3,898 research outputs found
Luo Qing's Paintings of Post-Industrial Taiwan and Their Incompatibility with Guohua
This thesis examines the career and artwork of Luo Qing in the context of past artistic movements and current academic discourse. Using Luo Qing and his work as a point of departure, this thesis aims to combine diachronic and synchronic concerns in the arts, specifically art that is made in the medium of ink.
Luo Qing is famous for his inventive style in poetry and ink paintings. The two bodies of work selected,"Here Comes the UFO" and "Asphalt Road", not only exemplify his creative spirit in redefining ink art, they also establish him as a member of the modern Chinese literati, a scholar artist, in Taiwan. Both series were Luo's ongoing projects in the 1980s and the 1990s. A conflict between the traditional and the new was present in Chinese politics and culture at the time, and this tension affected the creative community. The dynamics between Chinese imperial history and modern Chinese industry is the subject of most of Luo's work. He creatively portrayed conflicts between traditional Chinese heritage and contemporary Western commercialism. "Here Comes the UFO"and " Asphalt Road" both depict the modern subject of industrialization in traditional Chinese ink painting format. Luo Qing's novel way of approaching Chinese artistic traditions, both in painting and poetry, validated its importance as a new paradigm.

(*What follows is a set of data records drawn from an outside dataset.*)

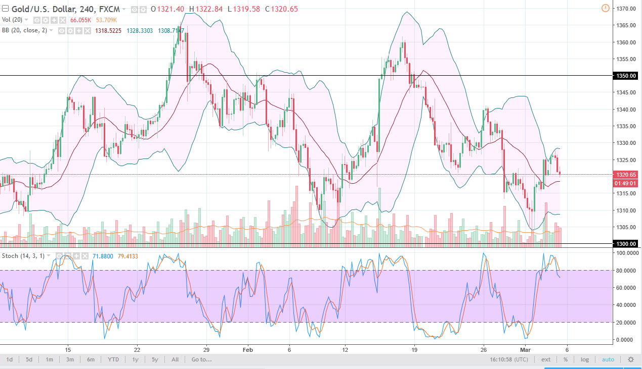 لازالت أسواق الذهب تشهد التقلبات و أعتقد أن السوق تحتاج للوصول إلي مستوي أعلي جديد في الرسم البياني للساعة حتي أبدأ في وضع الأموال للتداول و لكن عندما يحدث ذلك قد نتجه إلي مستوي 1340 دولار بعد ذلك ثم مستوي 1350 دولار. أعتبر مستوي 1300 دولار بأدني الأرضية الكبري في تلك السوق و أعتقد أنه ينبغي أن يتماسك حتي يستمر الميل الصعودي. إذا إخترقنا مستوي 1300 دولار هبوطا قد تتراجع السوق إلي مستوي 1275 دولار.
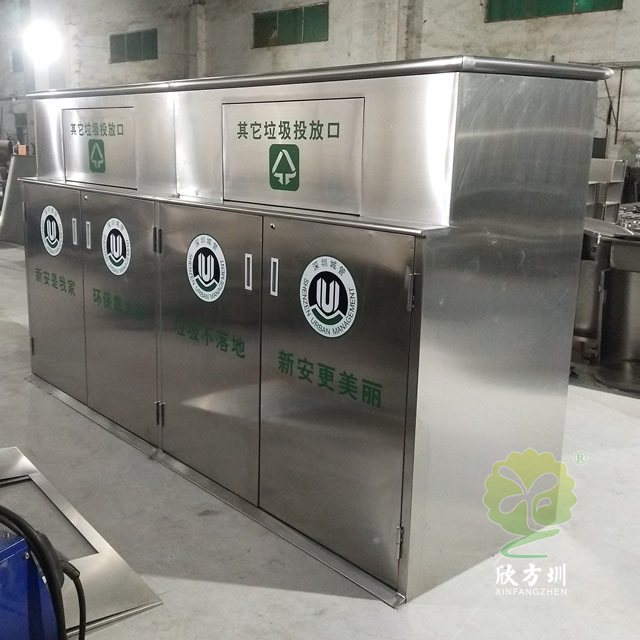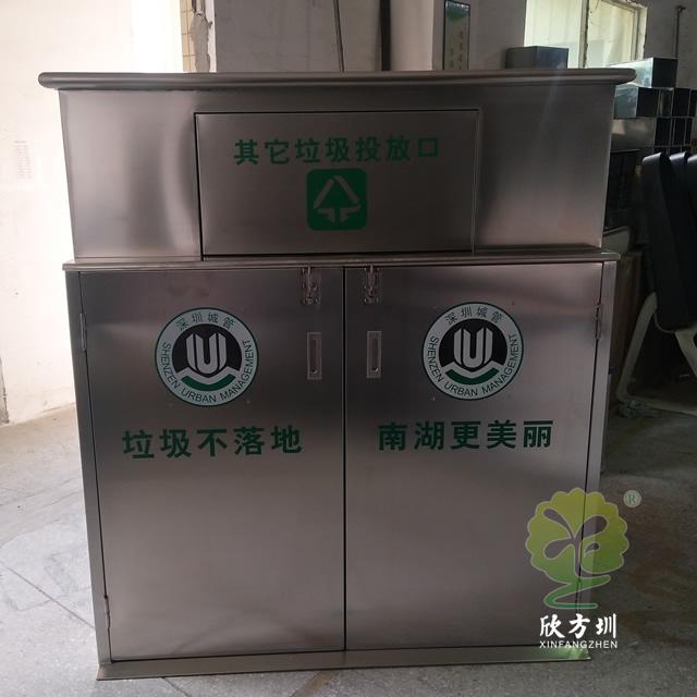 深圳城中村戶外大容量不銹鋼垃圾箱是欣方圳設(shè)計生產(chǎn)的一款經(jīng)典高檔垃圾桶,這款垃圾桶雖然使用不銹鋼制作而成,但是外形采用了不銹鋼本色方形分類處理,使其看起來有一股自然不銹鋼鋼鐵氣質(zhì),特別適合各種室外物業(yè)小區(qū)、城中村、社區(qū)等場景使用。這款不銹鋼垃圾桶外表經(jīng)過防腐工藝處理,防水防腐蝕、經(jīng)久耐用、工藝精湛、物美價廉。如果你對這款垃圾桶感興趣,請直接聯(lián)系我們報價。
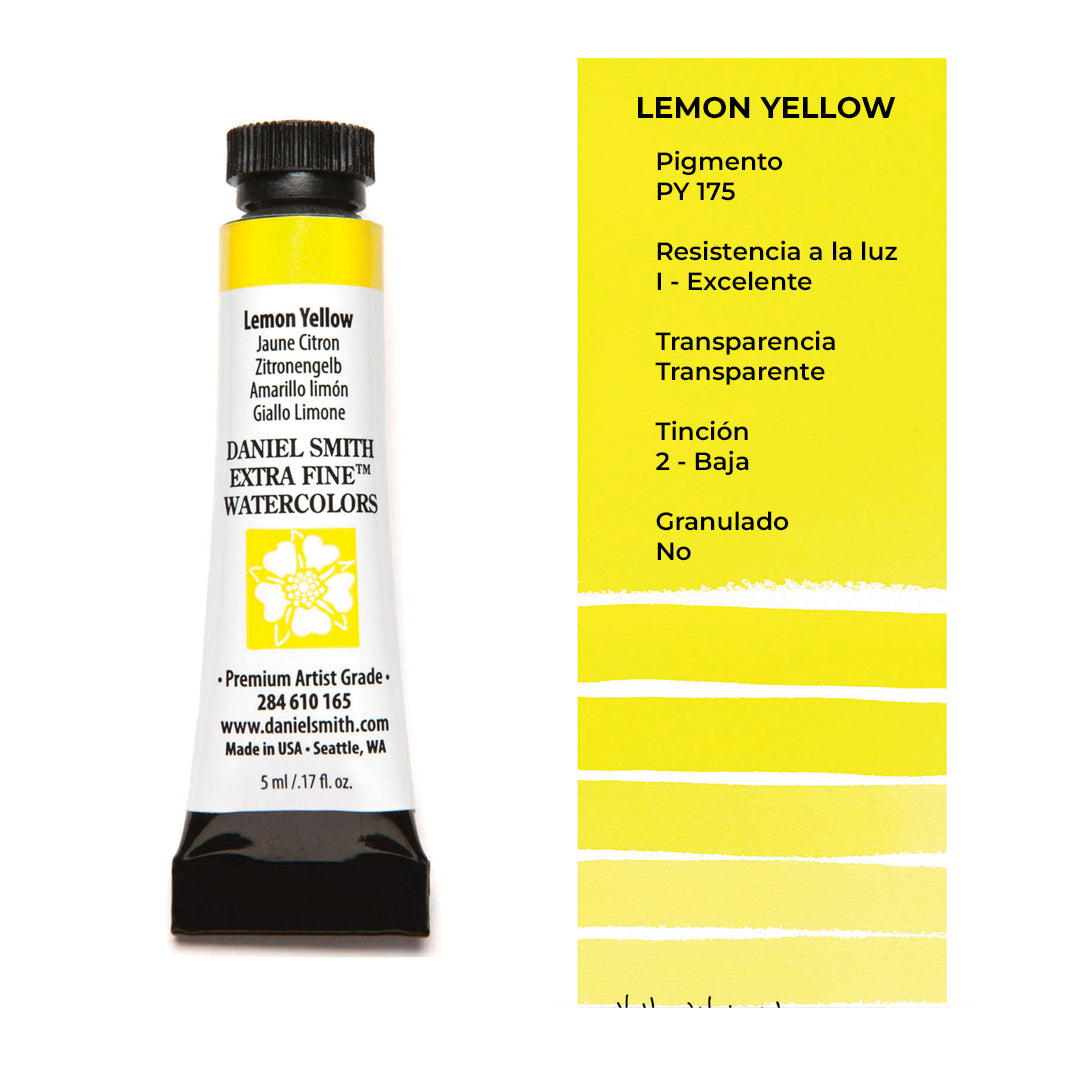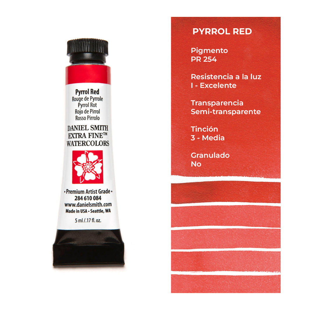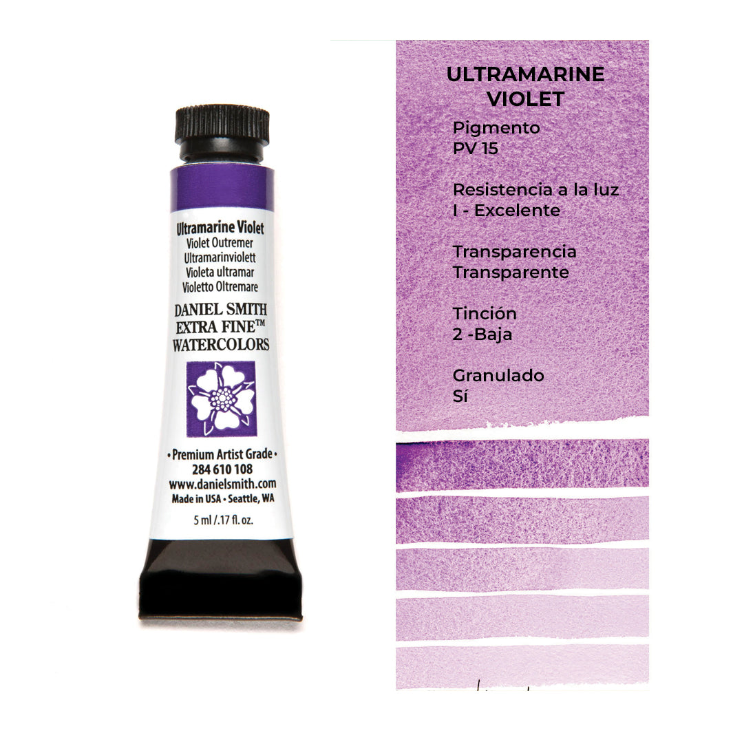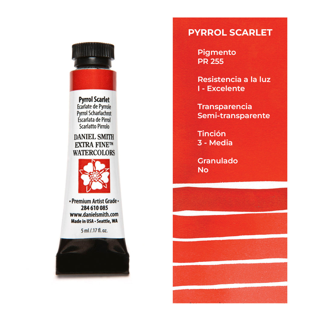 Cada tubo individual de acuarela Daniel Smith trae 5 ml de pintura; las tenemos disponibles en 100 colores, incluyendo una selección de cadmios y cobaltos verdaderos, los populares Opera Pink y Neutral Tint, y los magníficos quinacridonas que solo Daniel Smith ofrece.
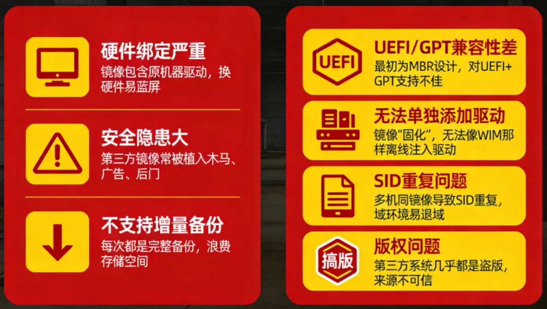 •第三方 Ghost 镜像普遍捆绑广告、后门,企业域环境还会因 SID 重复导致退域。
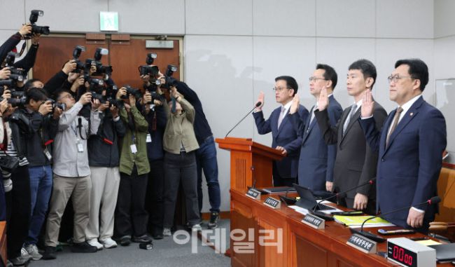 최상목(오른쪽 네번째) 경제부총리 겸 기획재정부 장관 및 증인들이 16일 오전 서울 여의도 국회에서 열린 '법제사법위원회 최 부총리 탄핵소추사건 조사 청문회'에서 증인 선서를 하고 있다.
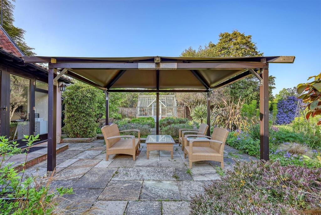 The wider grounds consist of lawns bordered by rich herbaceous planting, a pond set amid a wildflower garden, and an array of mature trees. Paths lead to a large covered terrace framed by lush planting. Nearby stands the garden office, with French windows opening onto the terrace.

Luo's artistic world depicted in these two bodies of work was representative of a tumultuous era in Chinese history that took place not in China, but in Taiwan.

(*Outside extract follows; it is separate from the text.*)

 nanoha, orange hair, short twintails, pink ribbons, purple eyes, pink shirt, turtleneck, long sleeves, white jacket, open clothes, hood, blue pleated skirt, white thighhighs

In stark contrast, the current academic discourse on ink art originated in China and quickly spread through the research of Chinese scholars, most of whom work in North American academia. Compelling debates on ink art's importance and passionate proclamation associating ink art with Chinese nationhood are popular subjects.
These subjects, however, are distant and irrelevant to Luo's early cityscapes. The contemporary paradigm may ignore why Luo Qing came to international fame.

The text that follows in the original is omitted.